Entertainment (Entertainment Weekly) -- Back in the 1950s, when lumpy could pass for hunky, George Reeves was the Man of Steel.
Planting fists on hips clad in a man-girdle over tights, sucking in sixpackless abs, and letting wind machines flutter the kind of beach-towel cape that made "The Incredibles' " Edna Mode ban those garments from her couture collection, the amateur boxer-turned actor wowed the pint-size TV-watching audience of "The Adventures of Superman" with his pursuit of truth, justice, and the American way, and became one of the young medium's first superstars.

He also became one of the first to be tripped up by his own TV-size celebrity: Not only was he stereotyped at the expense of further movie-role opportunities but he was also entangled in a very public, long-term affair with Toni Mannix, the jealous wife of an MGM studio exec with gangster connections. (The Mannixes had a marital understanding; if she was extracurricularly happy, he was happy.)

In desperation, an unemployed Reeves was considering a turn to exhibition wrestling when he died in 1959, in his bedroom, of wounds from a speeding bullet. He was 45 years old.

Although ruled a suicide at the time, there has never been definite proof as to who pulled the trigger: Was it a despondent Reeves himself? A thug dispatched on behalf of Edgar Mannix? Or was it maybe Leonore Lemmon, the ambitious young socialite for whom Reeves had left a distraught, older Mrs. M?

The elegant biodrama "Hollywoodland" presents all options in its meditation on the price of the American way of fame, a toll exacted even back when ''land'' still completed the letters of the sign famously visible from high in the Hollywood Hills. But a bit too daintily, the pic also sides with none of them, as if ''all of the above'' is the safe answer to the mystery.

The chief frustration of this otherwise well-made, well-acted, well-heeled picture -- a movie classy in its artful modesty, with every detail of plot and period furnishings lovingly conceived, every lick of jazz-influenced score true to the times -- is that it is so very self-absorbedly graceful about something so very insular and ... unremarkable.

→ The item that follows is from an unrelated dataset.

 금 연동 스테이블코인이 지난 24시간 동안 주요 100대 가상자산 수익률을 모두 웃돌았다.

Intertwining the dissatisfactions of Reeves (Ben Affleck) with the compromises of Louis Simo (Adrien Brody), the fly-by-night detective hired by the actor's mother to look further into who might have shot her famous son, writer Paul Bernbaum (in his first produced feature screenplay) and "Sopranos" director Allen Coulter (also making his feature debut) clearly aim to double the weight of Tinseltown soullessness by adding together the self-delusions of both men; instead the filmmakers detract from the puny, innocence-busting sadness of Reeves' unique TV-tinsel story, so that "Hollywoodland" becomes just another L.A. confidential about Sunset Boulevard, about gods and monsters, and the way most men share DNA with Clark Kent, not Superman.

On the other hand, no false refinement obscures the gusto with which the cast chomp down on their tasty roles: Brody slithering and prowling, Diane Lane willing her sensual beauty to weariness as Toni Mannix, Bob Hoskins snarling and potent as her husband, Robin Tunney brandishing the pout of a bored wannabe as Leonore, and all of them enhancing Affleck -- hungriest of all -- as Reeves.

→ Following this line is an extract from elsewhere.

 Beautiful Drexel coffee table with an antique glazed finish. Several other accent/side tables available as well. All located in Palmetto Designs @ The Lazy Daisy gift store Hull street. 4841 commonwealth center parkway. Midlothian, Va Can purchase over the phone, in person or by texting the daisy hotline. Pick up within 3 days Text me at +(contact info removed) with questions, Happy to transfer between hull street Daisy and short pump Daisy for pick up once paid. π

There's something simultaneously heartfelt, wised-up, playful, and fierce about the way the onetime Daredevil acknowledges that he knows that we know that he knows that we're bound to read something of the actor's own skids with fame in his expiatory portrayal of a star who couldn't quite steer his own image.

The Society for the Rehabilitation of Thespian Reputations would be proud of Affleck as he packs himself into his Superman duds, aware of the absurdity of a grown man hauled around by wires to juvenile acclaim; when the cameras aren't rolling, his Reeves smokes and drinks like a superhero out of MAD magazine, not DC Comics. ''You can't see my penis, can you?'' he checks backstage before making a promotional appearance in full super-underpants regalia before a crowd of pip-squeaks, as telefilm-trained cinematographer Jonathan Freeman captures the savagery just behind all that visual wholesomeness. It's impossible not to be just a little bit more charmed than usual when it's Ben Affleck asking the question.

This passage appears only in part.